INPUT: Begin

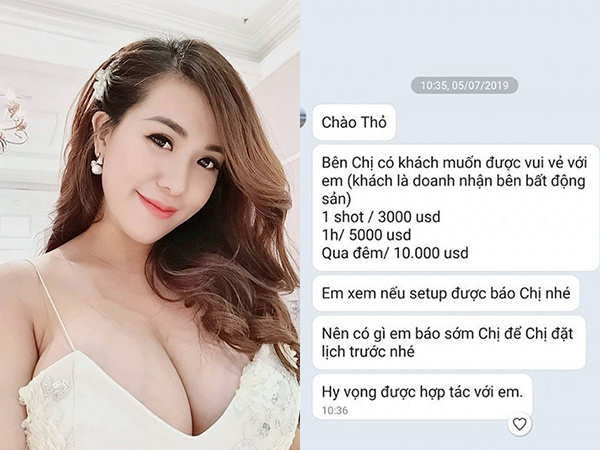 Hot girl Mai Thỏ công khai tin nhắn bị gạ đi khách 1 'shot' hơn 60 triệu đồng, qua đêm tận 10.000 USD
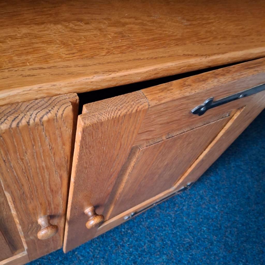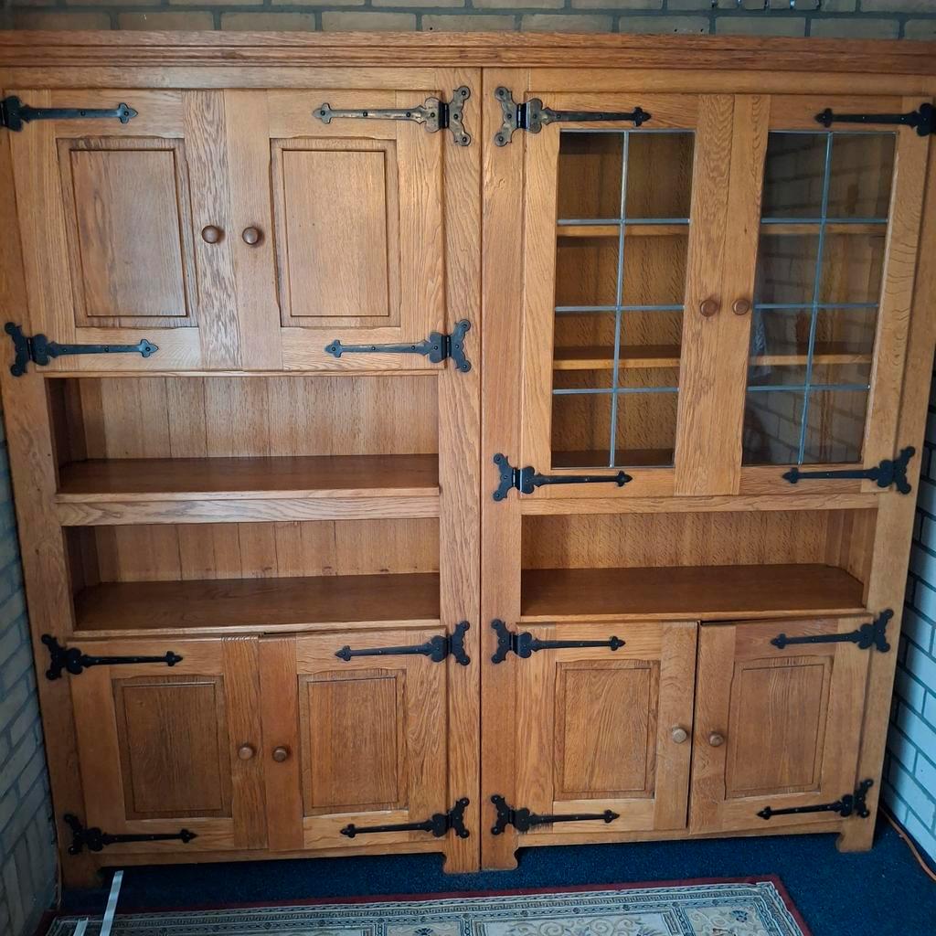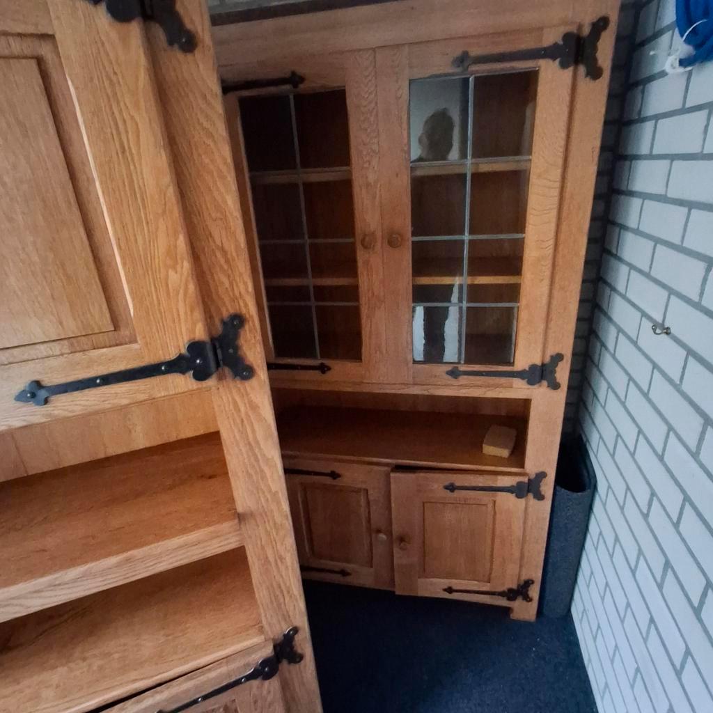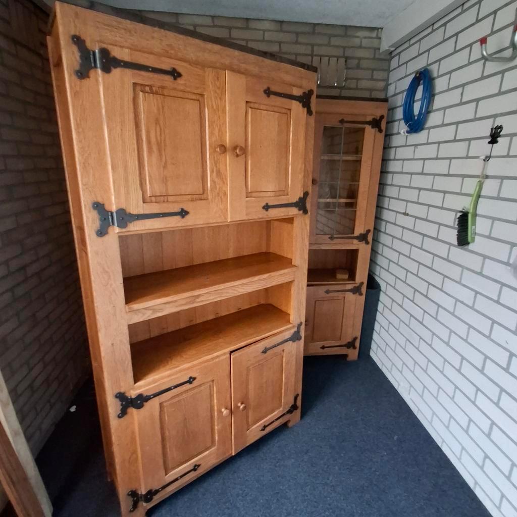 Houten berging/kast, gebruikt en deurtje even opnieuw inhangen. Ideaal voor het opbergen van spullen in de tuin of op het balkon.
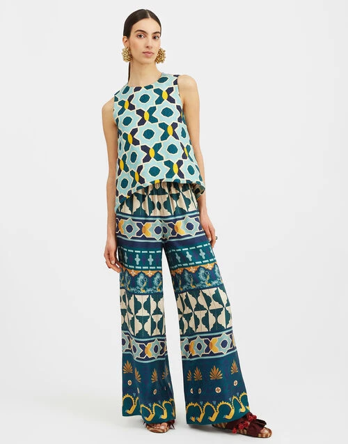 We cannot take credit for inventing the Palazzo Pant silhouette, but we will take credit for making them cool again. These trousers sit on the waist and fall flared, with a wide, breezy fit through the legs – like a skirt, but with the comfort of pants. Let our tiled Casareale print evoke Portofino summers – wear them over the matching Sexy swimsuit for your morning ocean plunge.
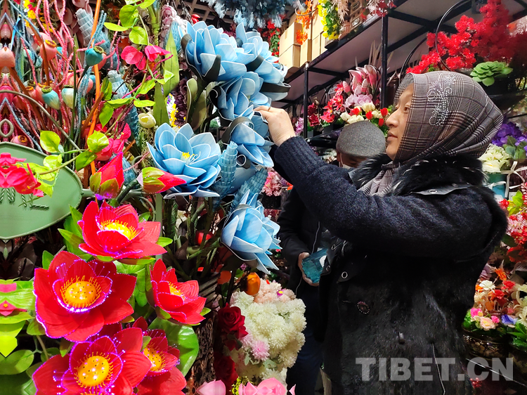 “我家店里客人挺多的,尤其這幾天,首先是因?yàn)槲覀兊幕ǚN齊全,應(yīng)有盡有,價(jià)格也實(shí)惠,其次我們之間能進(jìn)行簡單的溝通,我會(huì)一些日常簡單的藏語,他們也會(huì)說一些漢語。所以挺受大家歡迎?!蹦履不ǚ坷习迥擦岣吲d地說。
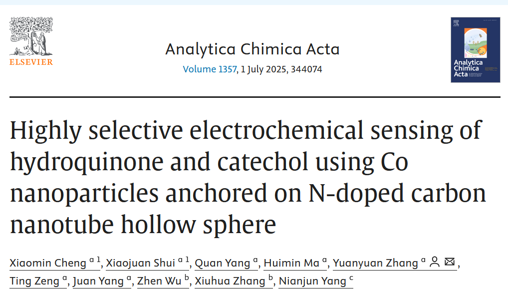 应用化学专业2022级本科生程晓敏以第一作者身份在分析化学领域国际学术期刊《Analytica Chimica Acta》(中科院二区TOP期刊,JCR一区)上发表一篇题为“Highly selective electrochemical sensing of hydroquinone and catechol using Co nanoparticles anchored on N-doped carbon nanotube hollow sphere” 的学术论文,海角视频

INPUT: End
INPUT: Begin

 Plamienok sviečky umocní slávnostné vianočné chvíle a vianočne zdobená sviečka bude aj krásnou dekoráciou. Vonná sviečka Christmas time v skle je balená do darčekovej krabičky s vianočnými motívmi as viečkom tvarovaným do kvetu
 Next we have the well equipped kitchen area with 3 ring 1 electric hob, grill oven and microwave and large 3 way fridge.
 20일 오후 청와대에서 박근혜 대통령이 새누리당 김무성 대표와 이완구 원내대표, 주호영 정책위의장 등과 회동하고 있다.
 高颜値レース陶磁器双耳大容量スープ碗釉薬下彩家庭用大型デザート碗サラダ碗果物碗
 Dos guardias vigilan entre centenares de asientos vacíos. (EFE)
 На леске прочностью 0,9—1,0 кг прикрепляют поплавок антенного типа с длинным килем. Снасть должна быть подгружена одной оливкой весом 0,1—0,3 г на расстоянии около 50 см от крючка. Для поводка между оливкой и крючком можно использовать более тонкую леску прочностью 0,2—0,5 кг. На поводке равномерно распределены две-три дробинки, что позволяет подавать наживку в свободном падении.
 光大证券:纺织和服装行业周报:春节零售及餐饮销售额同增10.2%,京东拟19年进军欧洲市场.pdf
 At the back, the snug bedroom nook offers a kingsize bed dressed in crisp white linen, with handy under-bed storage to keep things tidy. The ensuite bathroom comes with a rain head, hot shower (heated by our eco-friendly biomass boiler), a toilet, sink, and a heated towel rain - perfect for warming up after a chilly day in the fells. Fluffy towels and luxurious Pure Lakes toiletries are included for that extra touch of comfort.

INPUT: End
INPUT: Begin

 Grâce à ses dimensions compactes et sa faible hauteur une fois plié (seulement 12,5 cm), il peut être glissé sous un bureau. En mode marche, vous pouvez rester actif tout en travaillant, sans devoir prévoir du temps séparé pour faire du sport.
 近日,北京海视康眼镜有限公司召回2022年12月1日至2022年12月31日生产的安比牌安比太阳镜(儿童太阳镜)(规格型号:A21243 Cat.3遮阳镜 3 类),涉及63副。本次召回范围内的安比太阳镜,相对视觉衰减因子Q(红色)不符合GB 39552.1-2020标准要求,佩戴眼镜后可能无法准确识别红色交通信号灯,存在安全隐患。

INPUT: End

**ABOUT THIS TASK**
Go to the line above that contains "Hot girl Mai" and reproduce everything exactly from there through the line that contains "selective electrochemical sensing", leaving out the pictures.

**ANSWER**
 Hot girl Mai Thỏ công khai tin nhắn bị gạ đi khách 1 'shot' hơn 60 triệu đồng, qua đêm tận 10.000 USD
 Houten berging/kast, gebruikt en deurtje even opnieuw inhangen. Ideaal voor het opbergen van spullen in de tuin of op het balkon.
 We cannot take credit for inventing the Palazzo Pant silhouette, but we will take credit for making them cool again. These trousers sit on the waist and fall flared, with a wide, breezy fit through the legs – like a skirt, but with the comfort of pants. Let our tiled Casareale print evoke Portofino summers – wear them over the matching Sexy swimsuit for your morning ocean plunge.
 “我家店里客人挺多的,尤其這幾天,首先是因?yàn)槲覀兊幕ǚN齊全,應(yīng)有盡有,價(jià)格也實(shí)惠,其次我們之間能進(jìn)行簡單的溝通,我會(huì)一些日常簡單的藏語,他們也會(huì)說一些漢語。所以挺受大家歡迎?!蹦履不ǚ坷习迥擦岣吲d地說。
 应用化学专业2022级本科生程晓敏以第一作者身份在分析化学领域国际学术期刊《Analytica Chimica Acta》(中科院二区TOP期刊,JCR一区)上发表一篇题为“Highly selective electrochemical sensing of hydroquinone and catechol using Co nanoparticles anchored on N-doped carbon nanotube hollow sphere” 的学术论文,海角视频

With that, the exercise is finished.